[Material supplied]
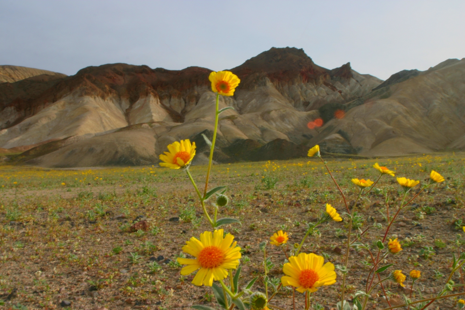 Unidentified Asteraceae in Death Valley National Park Photograped by Brocken Inaglory in April of 2005. Please see one more my picture.
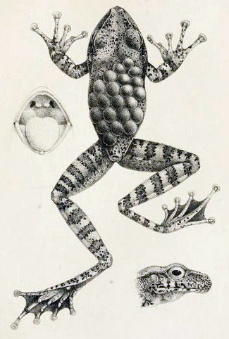 Stefania evansi (Boulenger, 1904). Original illustration in Boulenger, G. A. 1904. Description of a new tree-frog of the genus Hyla, from British Guiana, carrying eggs on the back. Proceedings of the Zoological Society of London 1904(Vol. II): 106
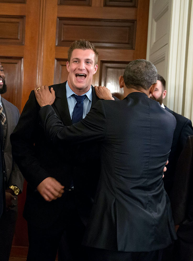 President Barack Obama jokes with tight end Rob Gronkowski, as he greets the New England Patriots in the State Dining Room, prior to an event to honor the team and their Super Bowl XLIX victory, at the White House, April 23, 2015. (Official White House Photo by Pete Souza)
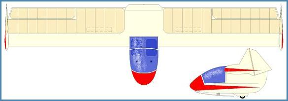 Todthunter Twin Plank Flying Wing
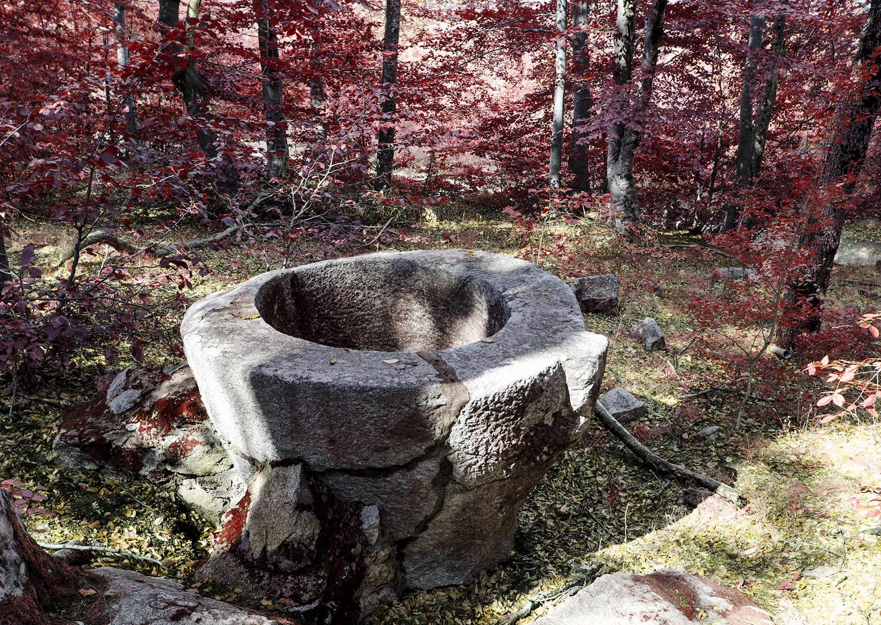 The megalithic Cup Rozovetz BG
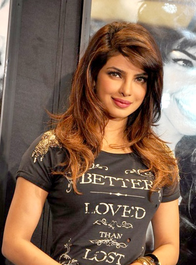 Priyanka Chopra at Guess store
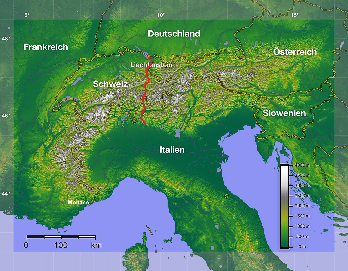 Map of the Alps with west east border
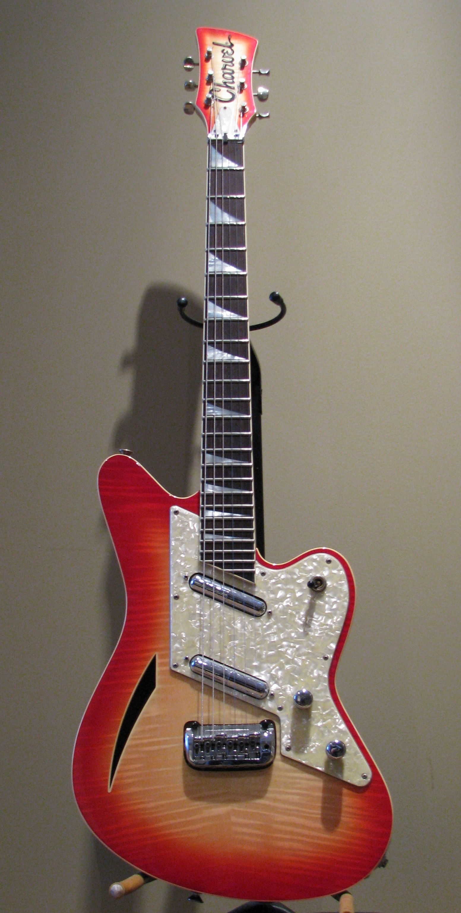 author=Lee Bowie
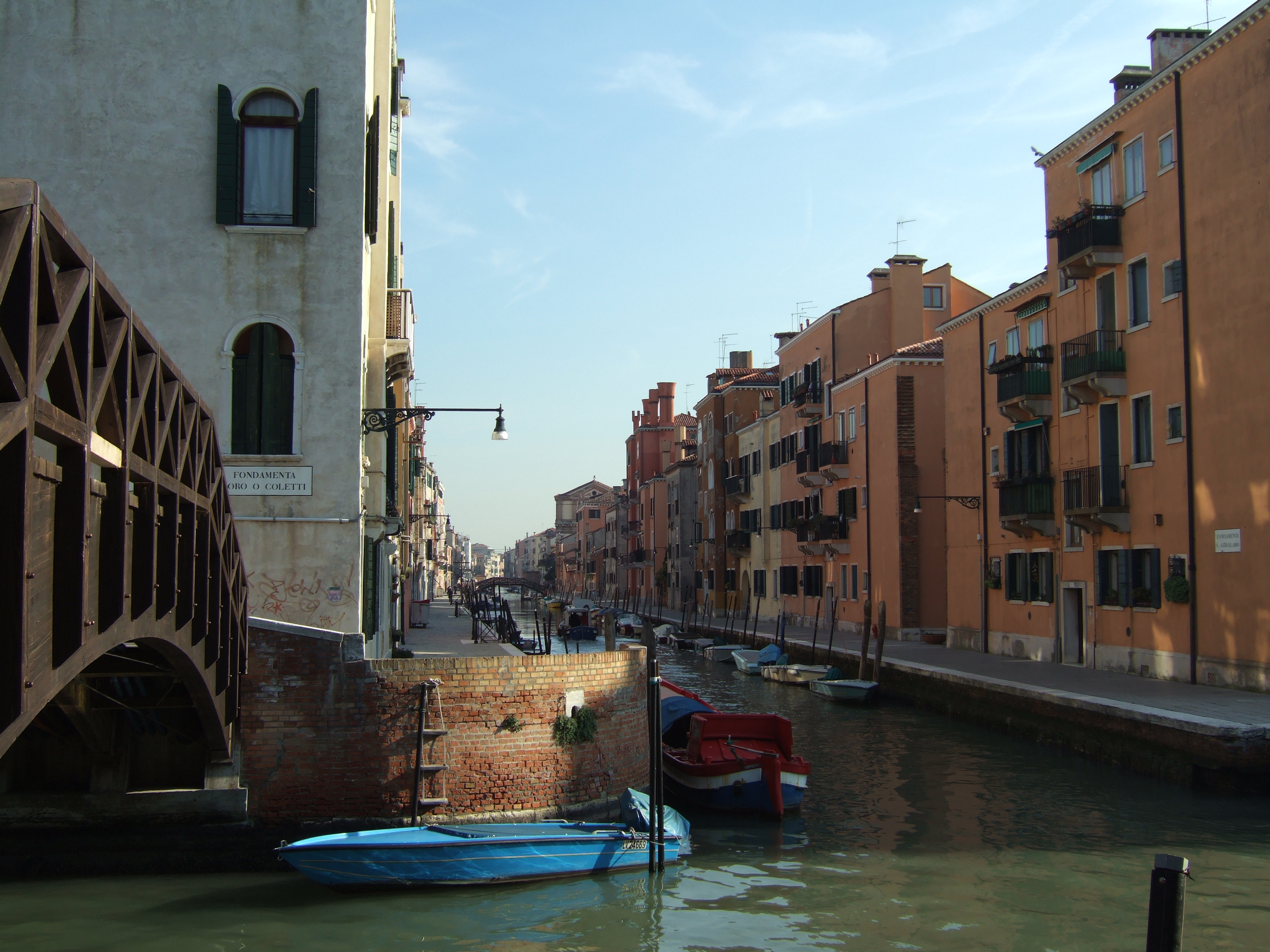 Rio de San Girolamo (Venice)
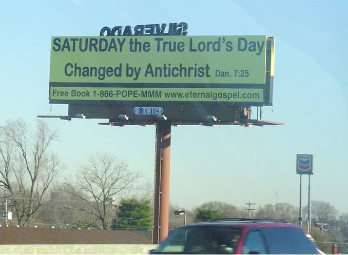 This photo was taken by me and there is no copyright associated with it.
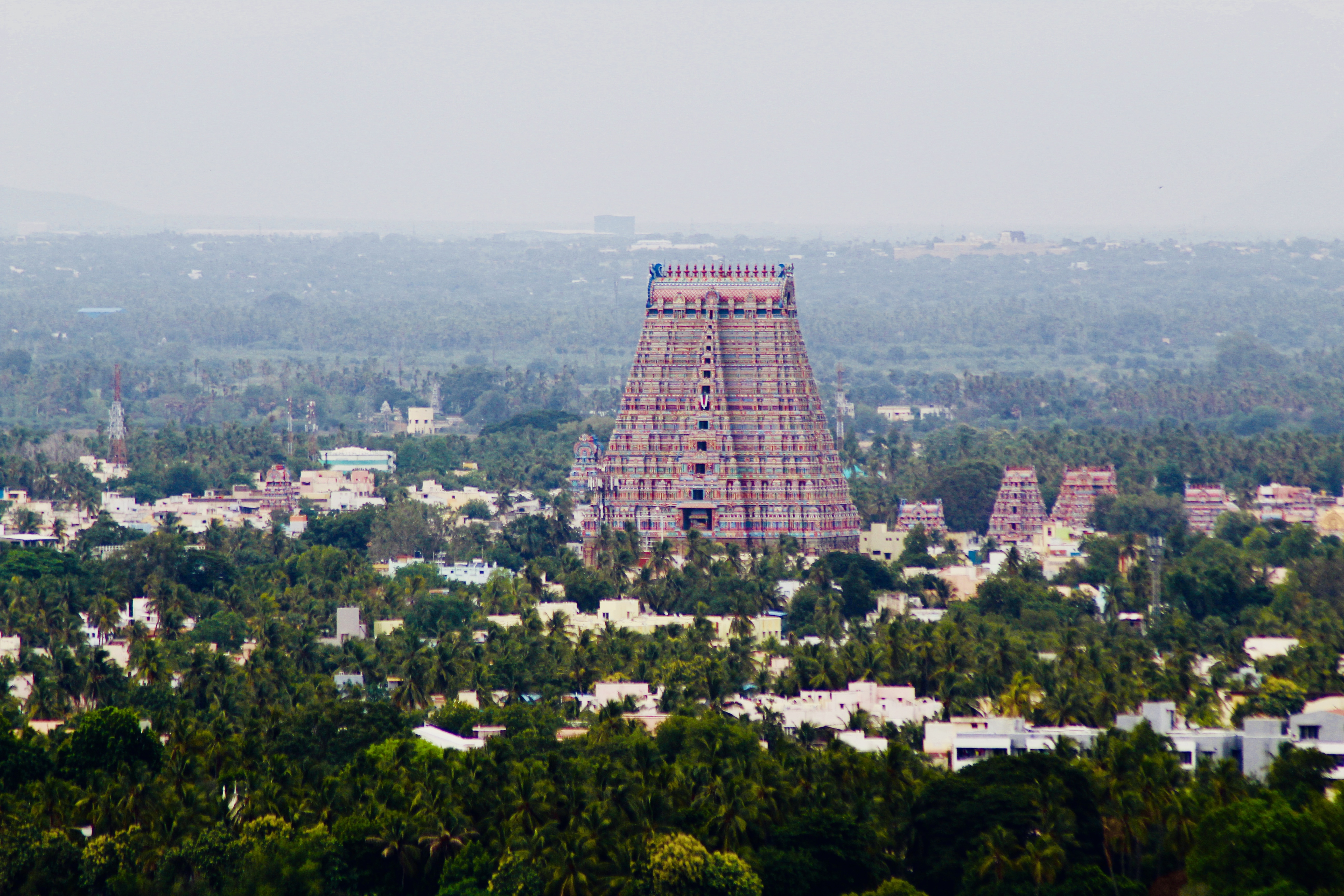 Aerial view of Sri Rangam temple near Tiruchirapalli

[Problem description]
Exactly the lines running from the one with "Todthunter Twin Plank Flying Wing" through the end of the listing above must be output, both ends included. No pictures belong in the output.

[Output of the exercise]
 Todthunter Twin Plank Flying Wing
 The megalithic Cup Rozovetz BG
 Priyanka Chopra at Guess store
 Map of the Alps with west east border
 author=Lee Bowie
 Rio de San Girolamo (Venice)
 This photo was taken by me and there is no copyright associated with it.
 Aerial view of Sri Rangam temple near Tiruchirapalli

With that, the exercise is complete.